There’s never been a Chicago politician who quite fits the profile of Andre Vasquez, the former battle rapper and current democratic socialist who just took down veteran 40th Ward Ald. Patrick O’Connor, Mayor Rahm Emanuel’s city council floor leader.
That probably scares some people.
But those folks might want to nod to the wisdom of the 54 percent of voters in the North Side ward who waded through an onslaught of attack ads and concluded they have nothing to fear from the 39-year-old AT&T account manager, his music or his politics.
I stopped by Vasquez’s campaign office to satisfy my own curiosity about this new breed of aldermen. Vasquez will be part of a Chicago City Council bloc of at least five, probably six democratic socialists who, if nothing else, will alter the debate on a range of issues.
Vazquez said he understands democratic socialism as “just injecting a healthy dose of democracy in a system we already have.
“Where we see the influence of big money and corporations in our government, where we see the corruption in the council, where we see elected officials as bought and paid for, to me, democratic socialism is providing a counterbalance,” he said.
Vasquez also reminded me that generalizing about democratic socialists is as foolish as generalizing about Democrats.
“I think even within democratic socialism there’s such a spectrum of different folks, right? I tend to be a counterbalance to some of the louder stuff, the louder hardcore, what some would view as extreme,” said Vasquez, noting that he sometimes takes flak within democratic socialist circles because he’s never read Marx and doesn’t “bleed rose red.”
“Everyone’s got their part to play,” he said. “Somebody’s going to be the loud one in the room because you need that kind of impetus to move things forward. And someone’s got to be the one who’s making deals on legislation. You can’t have ideological fights and think you’re going to come up with solutions.”
Though Vasquez prefers the dealmaker role, his background suggests he also could get loud if the occasion demanded.
Until he decided it was time to do something else with his life around 2010, Vasquez was a battle rapper who performed under the stage name Prime. He had enough success to pay the bills for a while, touring nationally and appearing on MTV’s “Direct Effect” and HBO’s “Blaze Battle.”
For old people like me who are unclear on the concept (begging the pardon of the rest of you), battle rapping involves performers trading insults in rhyme put to music.
“Then, imagine you have a crowd around you,” Vasquez explained. “And now people are cheering you on, and the insults are getting more vicious and intricate, and it becomes a sporting match. Right? So, in that arena, you’re getting heralded for how well you can insult the person in front of you while rhyming and improvising all as this stream of consciousness is coming out.”
I suggested a battle rap might occasionally be just the antidote to the drudgery of a council meeting, but Vasquez wasn’t amused.
The problem with battle rapping, as 40th Ward voters were reminded ad nauseam during the runoff campaign, is that the genre relies heavily on crude insults invoking disrespectful terms for women and LGBTQ individuals.

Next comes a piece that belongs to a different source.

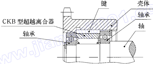 CKB型即國外B200系列,為無內(nèi)環(huán)無軸承支撐的楔塊式超越離合器。使用時,將軸直接安裝在離合器內(nèi),用于離合器的軸在磨削后需要熱處理,硬度達到HRC58~62,軸的錐度每50mm不應超過0.01mm。為保證軸和離合器外的同心度,承受外環(huán)和軸的徑向或軸向負載,要在離合器的兩端或一端裝上軸承。適用于極限轉(zhuǎn)速為:1000~2400r/min,公稱轉(zhuǎn)矩為:60~1250N·m。常用于包裝機、制袋機、瓦楞紙生產(chǎn)線、減速機、提升機、電動滾筒等機械傳動。
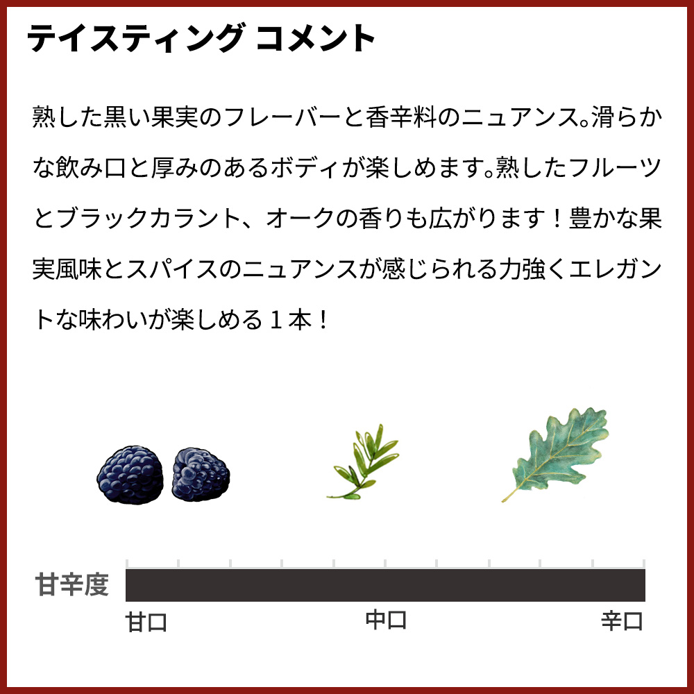 深紅色!熟した黒い果実のフレーバーと香辛料のニュアンス。滑らかな飲み口と厚みのあるボディが楽しめます。熟したフルーツとブラックカラント、オークの香りも広がります!豊かな果実風味とスパイスのニュアンスが感じられる力強くエレガントな味わいが楽しめる1本!

“The issue is toxic masculinity plagues everything,” said Vasquez, who obliquely fronted an apology for his past verbal misdeeds early in the campaign — and more directly when hit with a barrage of negative mailers detailing a greatest hits of his transgressions.
A lesser candidate would have been toast at that point, but Vasquez had girded himself in advance through his door-to-door organizing.
By then, enough 40th Ward residents knew who Vasquez really was — the son of Guatemalan immigrants, a city kid from the neighborhoods who had become a family guy with two young kids and a late-discovered talent for politics — that they couldn’t be scared off.
Vasquez, who lives in Edgewater, was introduced to politics when he felt the Bern in 2014 and volunteered for Bernie Sanders presidential campaign. A left-leaning community group, Reclaim Chicago, then recruited Vasquez to expand upon his organizing talents — and taught him how to build a classic grassroots campaign.
The result is a new Latino alderman in a ward where fewer than one-fifth of the voters are Latino. And a Democratic Socialist representing a ward previously ruled by Emanuel’s floor leader.
“I’m not trying to plant a flag,” Vasquez said. “I’m trying to make sure that people can live here and not be forced out.”